PROBLEM DETAILS: Retype the lines of the material below, exactly and only, from the one containing "This place has" through the last line, with pictures left out.

MATERIAL FOR THIS TASK:
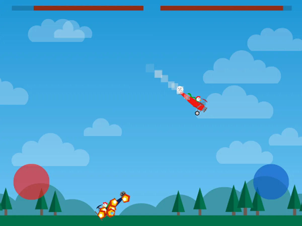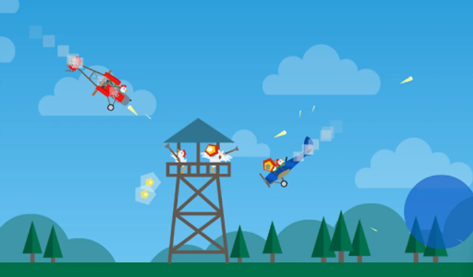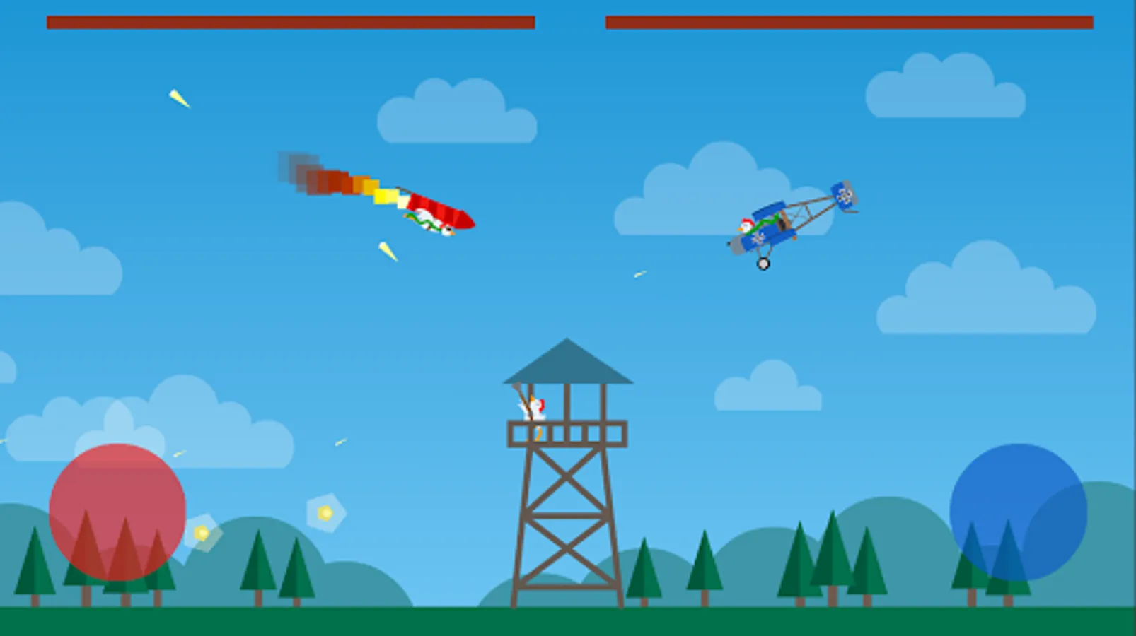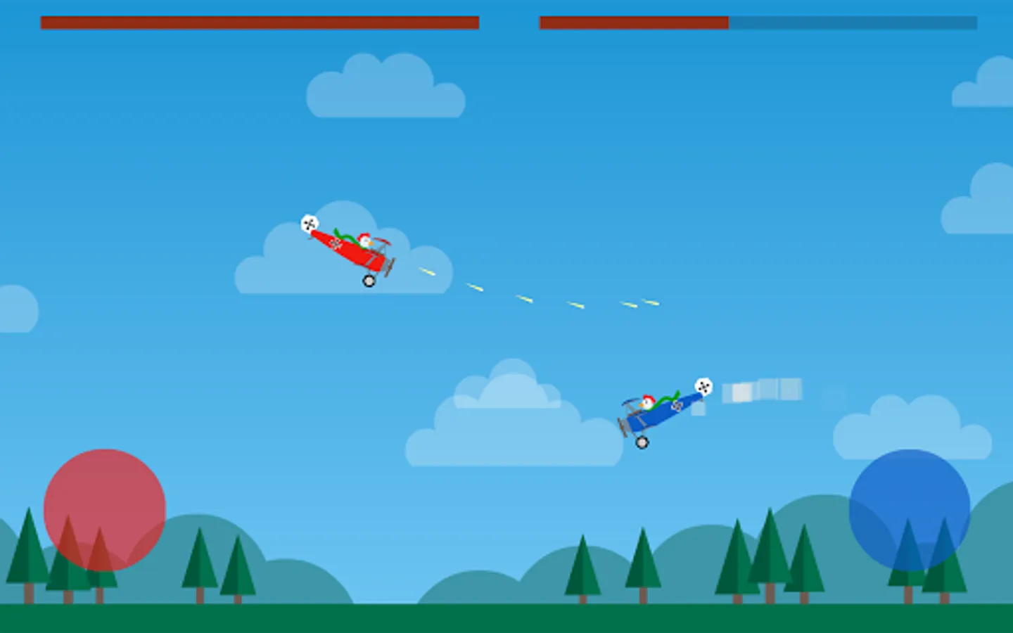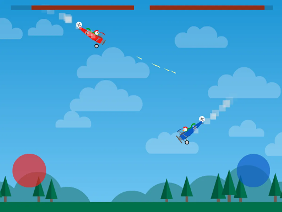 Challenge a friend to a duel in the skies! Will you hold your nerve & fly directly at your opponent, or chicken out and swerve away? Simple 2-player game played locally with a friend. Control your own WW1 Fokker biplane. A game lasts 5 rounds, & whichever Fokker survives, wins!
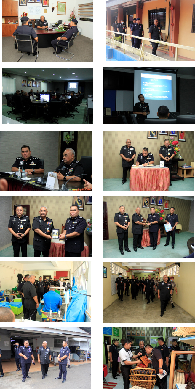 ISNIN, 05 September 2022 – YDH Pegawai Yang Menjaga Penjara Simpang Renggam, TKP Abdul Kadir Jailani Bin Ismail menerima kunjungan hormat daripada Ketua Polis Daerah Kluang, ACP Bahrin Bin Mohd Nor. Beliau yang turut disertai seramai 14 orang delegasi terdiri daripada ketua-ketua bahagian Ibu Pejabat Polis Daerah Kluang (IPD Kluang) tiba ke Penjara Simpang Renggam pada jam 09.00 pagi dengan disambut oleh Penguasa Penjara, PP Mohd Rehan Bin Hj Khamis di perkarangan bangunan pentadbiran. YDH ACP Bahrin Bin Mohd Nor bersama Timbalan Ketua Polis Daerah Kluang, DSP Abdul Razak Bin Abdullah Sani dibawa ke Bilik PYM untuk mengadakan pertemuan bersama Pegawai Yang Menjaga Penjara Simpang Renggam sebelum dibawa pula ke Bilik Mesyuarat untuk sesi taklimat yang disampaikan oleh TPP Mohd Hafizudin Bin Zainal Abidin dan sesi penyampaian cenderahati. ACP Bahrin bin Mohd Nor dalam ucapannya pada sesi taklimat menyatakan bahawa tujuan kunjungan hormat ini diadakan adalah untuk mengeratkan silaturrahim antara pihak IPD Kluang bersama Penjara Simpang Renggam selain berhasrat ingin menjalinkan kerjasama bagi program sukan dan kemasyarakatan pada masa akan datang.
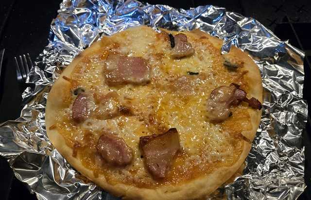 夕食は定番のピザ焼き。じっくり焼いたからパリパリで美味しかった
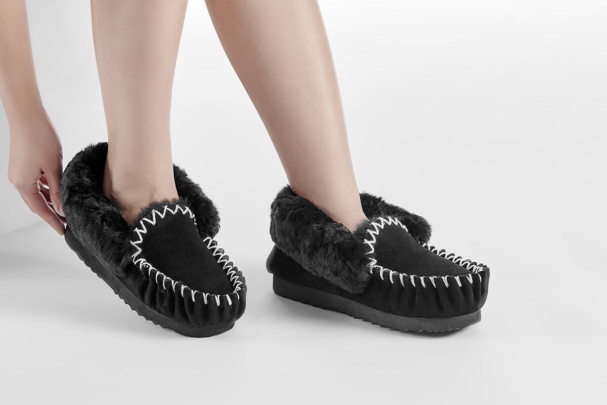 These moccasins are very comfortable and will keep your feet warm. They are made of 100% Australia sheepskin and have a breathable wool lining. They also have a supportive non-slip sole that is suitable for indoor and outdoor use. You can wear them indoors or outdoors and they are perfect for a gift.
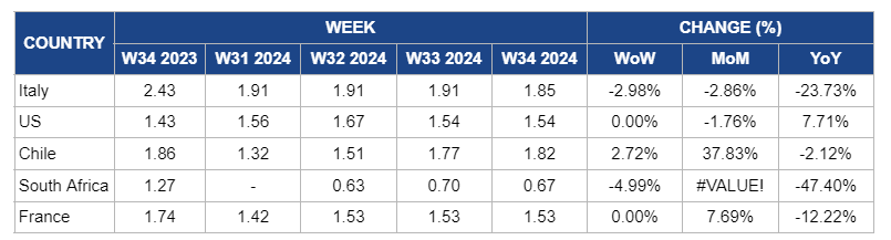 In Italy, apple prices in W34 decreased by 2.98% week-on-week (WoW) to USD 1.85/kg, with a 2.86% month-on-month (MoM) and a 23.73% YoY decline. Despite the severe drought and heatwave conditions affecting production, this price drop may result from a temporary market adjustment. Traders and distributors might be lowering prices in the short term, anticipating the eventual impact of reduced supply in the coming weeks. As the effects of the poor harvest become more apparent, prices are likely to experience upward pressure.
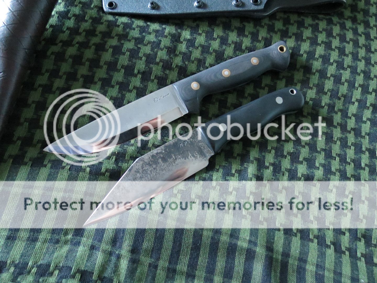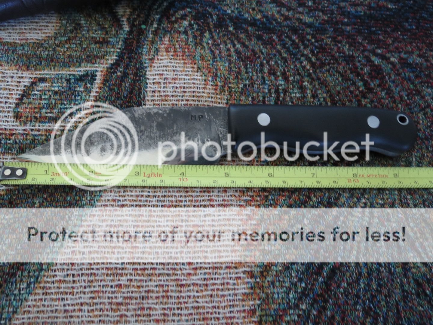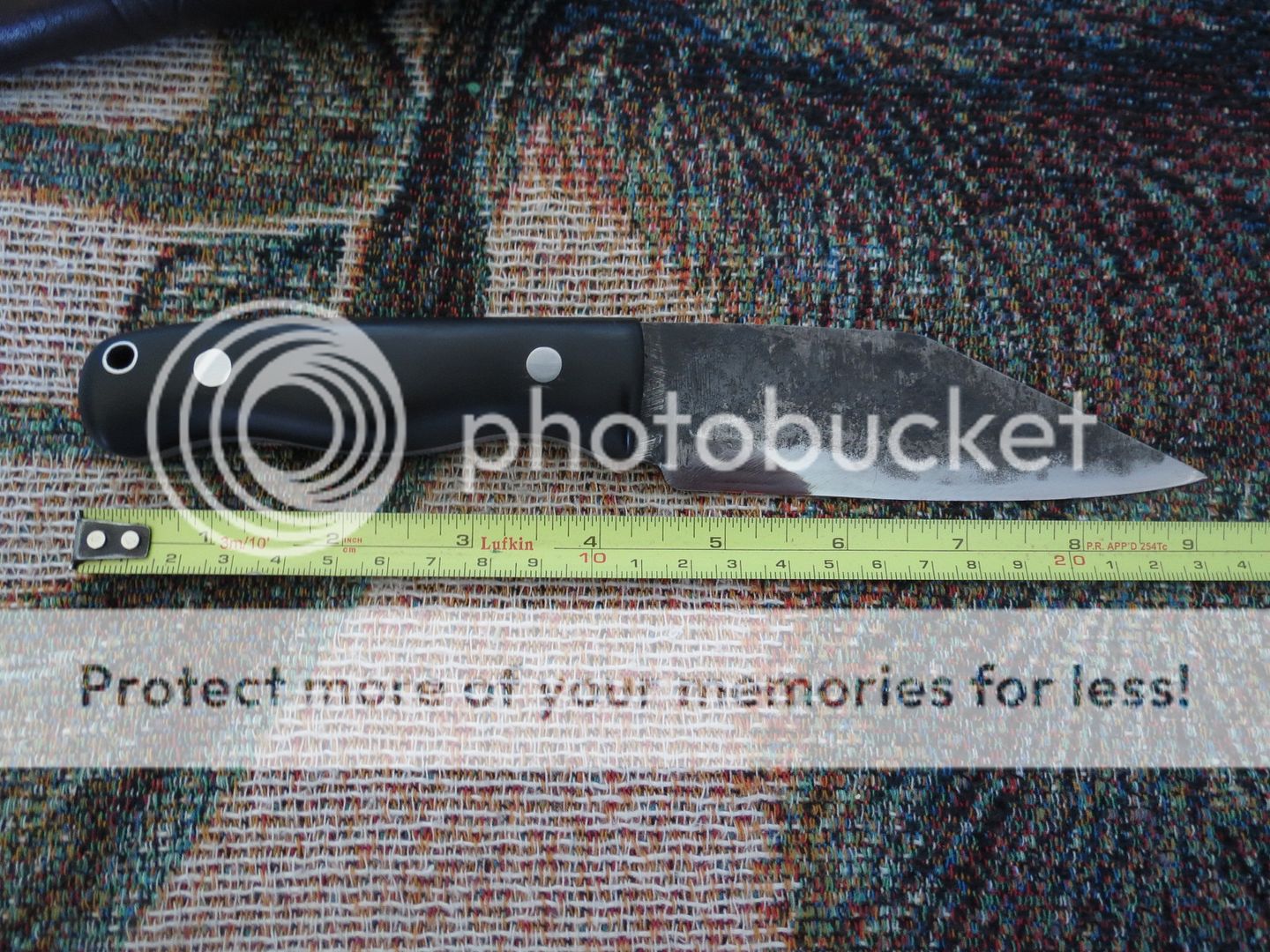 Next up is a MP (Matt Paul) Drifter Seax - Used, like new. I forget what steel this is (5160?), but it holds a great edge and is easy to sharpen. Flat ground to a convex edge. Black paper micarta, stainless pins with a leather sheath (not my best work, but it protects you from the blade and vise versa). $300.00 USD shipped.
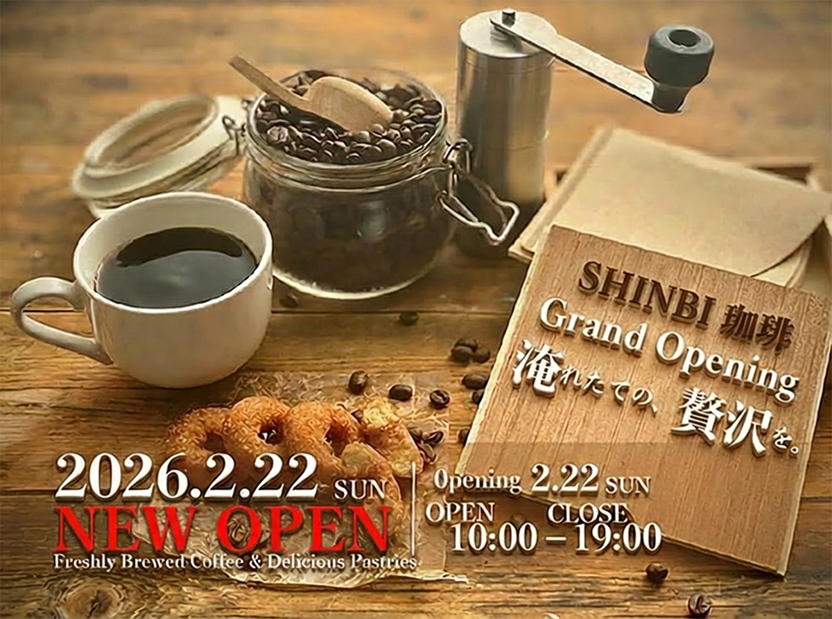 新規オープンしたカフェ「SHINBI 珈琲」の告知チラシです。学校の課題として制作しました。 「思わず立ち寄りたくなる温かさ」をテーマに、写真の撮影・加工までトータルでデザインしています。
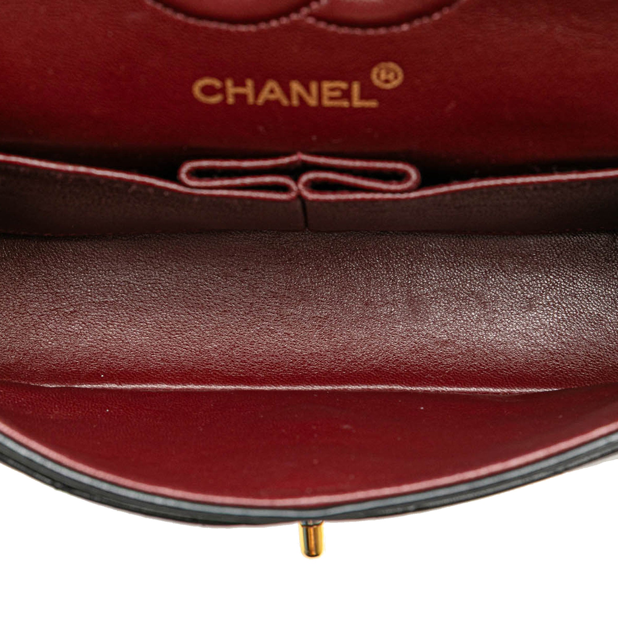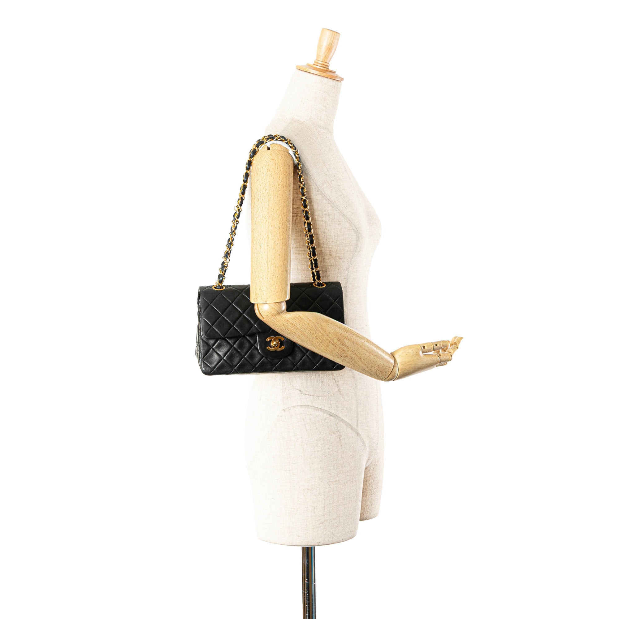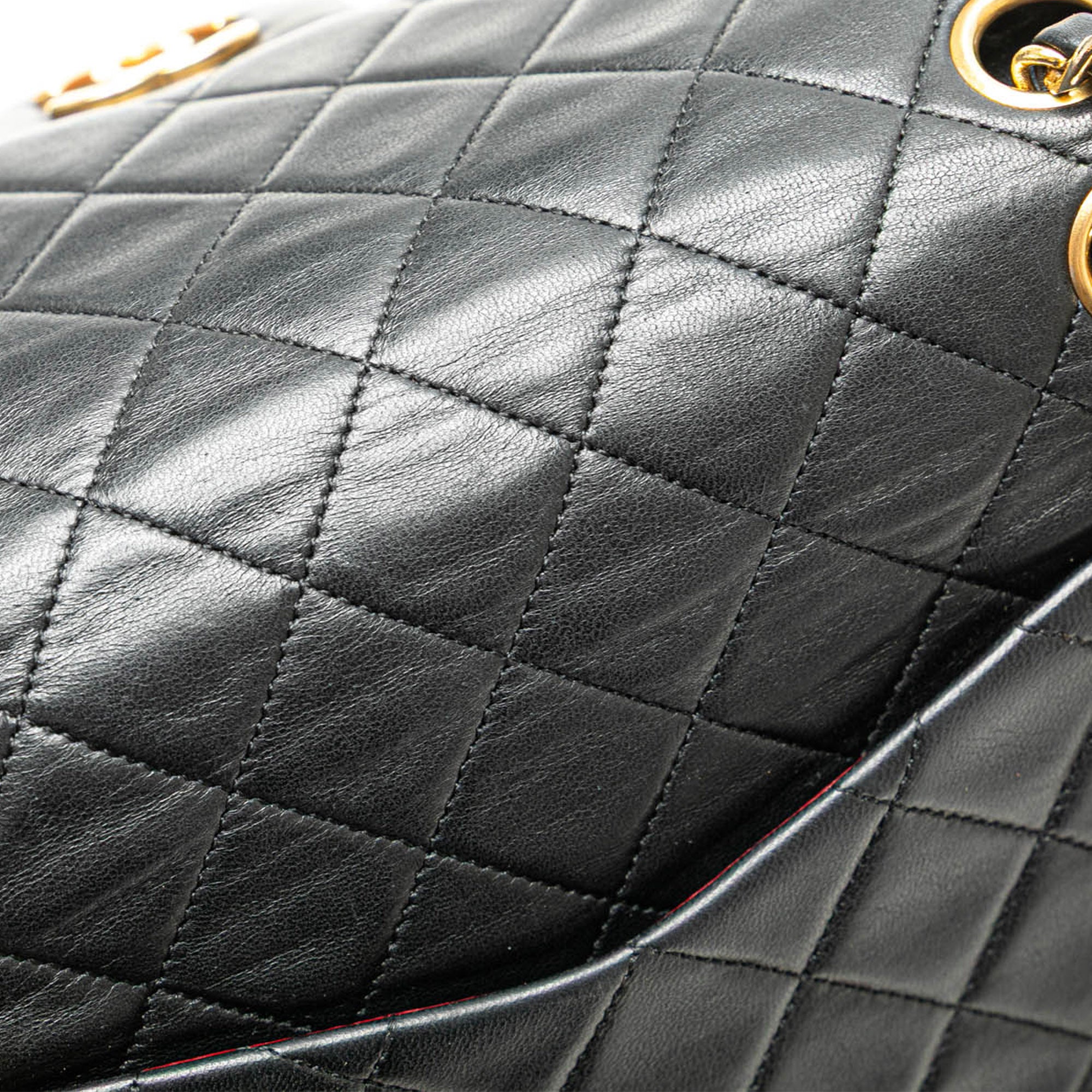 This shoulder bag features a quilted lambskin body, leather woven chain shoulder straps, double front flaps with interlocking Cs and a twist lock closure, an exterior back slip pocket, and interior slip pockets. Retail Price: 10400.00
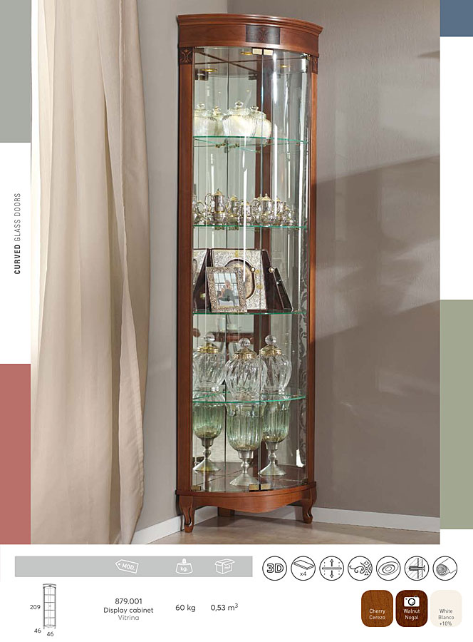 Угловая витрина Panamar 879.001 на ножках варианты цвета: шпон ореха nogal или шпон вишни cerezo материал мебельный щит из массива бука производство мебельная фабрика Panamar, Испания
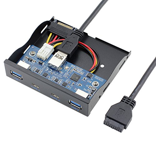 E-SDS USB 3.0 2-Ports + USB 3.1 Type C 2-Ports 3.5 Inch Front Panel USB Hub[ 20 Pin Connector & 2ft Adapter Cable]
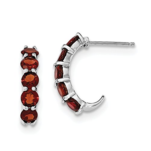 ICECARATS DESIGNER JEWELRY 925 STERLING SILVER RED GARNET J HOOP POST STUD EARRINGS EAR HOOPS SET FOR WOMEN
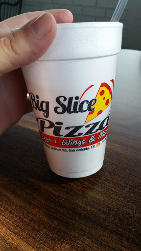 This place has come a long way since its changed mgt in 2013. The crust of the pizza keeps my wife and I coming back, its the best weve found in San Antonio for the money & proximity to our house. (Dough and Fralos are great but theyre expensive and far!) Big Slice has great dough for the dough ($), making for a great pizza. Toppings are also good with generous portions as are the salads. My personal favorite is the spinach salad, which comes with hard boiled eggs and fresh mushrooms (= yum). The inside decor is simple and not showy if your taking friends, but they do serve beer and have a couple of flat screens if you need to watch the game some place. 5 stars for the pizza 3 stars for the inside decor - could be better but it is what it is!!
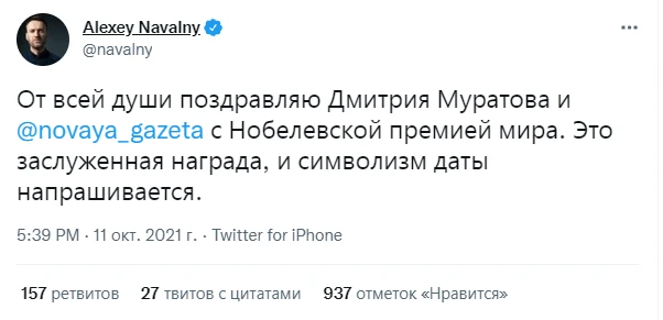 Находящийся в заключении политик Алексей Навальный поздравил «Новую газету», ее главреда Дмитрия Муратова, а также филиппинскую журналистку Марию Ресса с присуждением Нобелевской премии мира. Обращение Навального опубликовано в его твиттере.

RESULT OF THIS EXERCISE:
 This place has come a long way since its changed mgt in 2013. The crust of the pizza keeps my wife and I coming back, its the best weve found in San Antonio for the money & proximity to our house. (Dough and Fralos are great but theyre expensive and far!) Big Slice has great dough for the dough ($), making for a great pizza. Toppings are also good with generous portions as are the salads. My personal favorite is the spinach salad, which comes with hard boiled eggs and fresh mushrooms (= yum). The inside decor is simple and not showy if your taking friends, but they do serve beer and have a couple of flat screens if you need to watch the game some place. 5 stars for the pizza 3 stars for the inside decor - could be better but it is what it is!!
 Находящийся в заключении политик Алексей Навальный поздравил «Новую газету», ее главреда Дмитрия Муратова, а также филиппинскую журналистку Марию Ресса с присуждением Нобелевской премии мира. Обращение Навального опубликовано в его твиттере.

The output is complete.